Students at Stellenbosch, about 50 kilometres (30 miles) east of Cape Town, protested that Afrikaans was the language of oppression and its use as the teaching medium disadvantaged blacks. "Since English is the common language in South Africa, all learning at Stellenbosch University will be facilitated in English," the rector's management team said in a statement.
It added that the university "remains committed to the further development of Afrikaans" as an academic language. The student pressure group Open Stellenbosch, which led the protests, welcomed the statement. "The radical change from (using) Afrikaans as the primary tool for oppression and exclusion, to adopting a language shared by all as the official language, is a significant victory in this struggle for access to education," the movement said in a statement. "We remember those who died for this to become possible in the long years of struggle against apartheid. In particular we remember the students of 1976."

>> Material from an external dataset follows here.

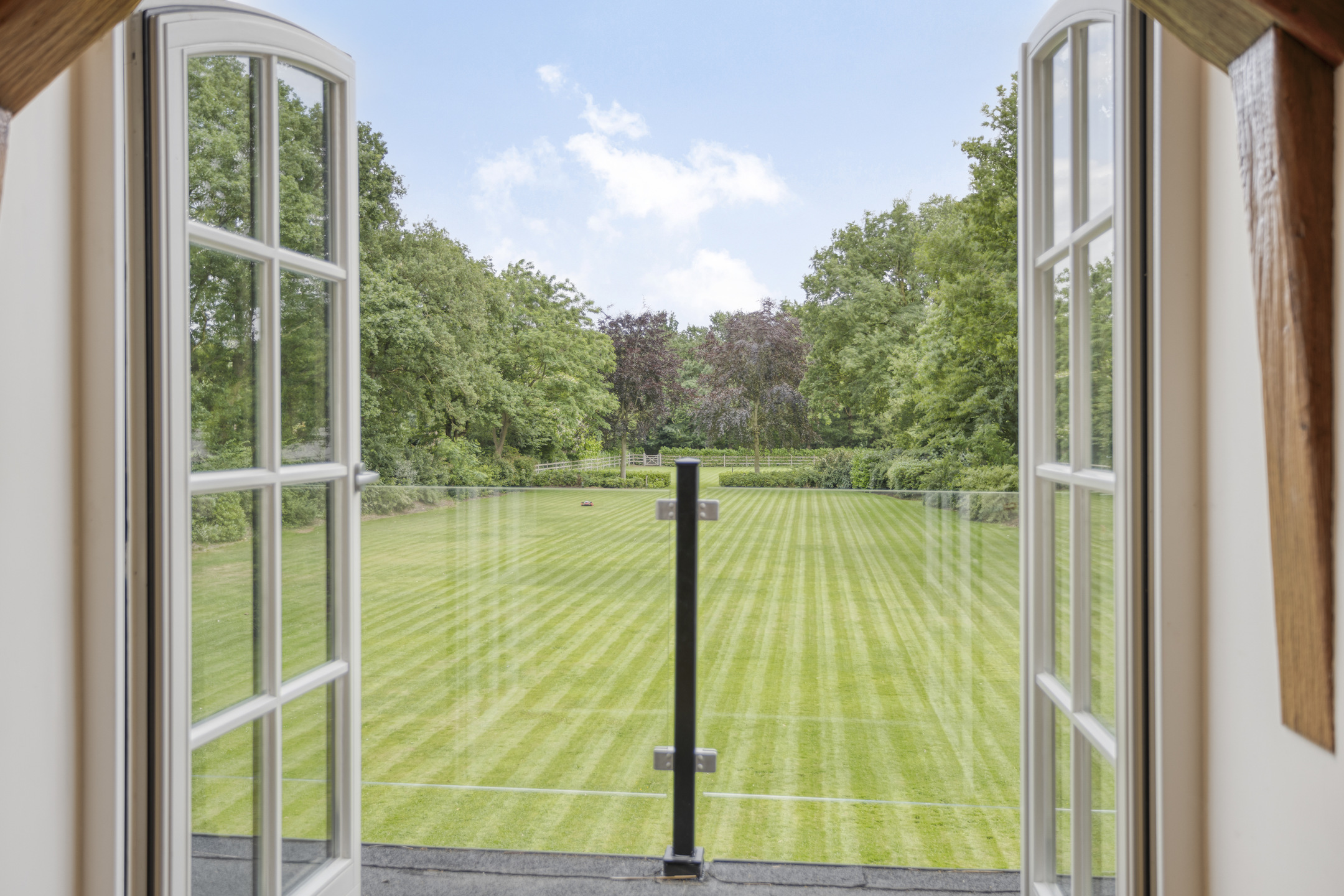 De magnifieke achtertuin is voorzien van een zeer groot gazon, volwassen bomen en borders met diverse beplanting. Vanuit het gazon leidt een natuurlijke doorgang naar een tweede perfect onderhouden gazon. Aan de achterzijde grenst de tuin aan het groen zodat rust en privacy gegarandeerd zijn. De tuin is verder voorzien van een beregeningsinstallatie en diverse elektrapunten.

In that year, black high school pupils in Soweto rebelled against attempts to introduce Afrikaans as the medium of instruction, an uprising seen as a major turning point in the fight against apartheid. The Stellenbosch victory comes hard on the heels of two other student triumphs this year. At the University of Cape Town protesters forced the removal from the campus of a statue of British colonialist Cecil Rhodes, protesting that it was a symbol of white oppression and continuing racism. Last month, nation-wide demonstrations forced the government to scrap plans for a university fee increase next year, which would have hit poor black students particularly hard.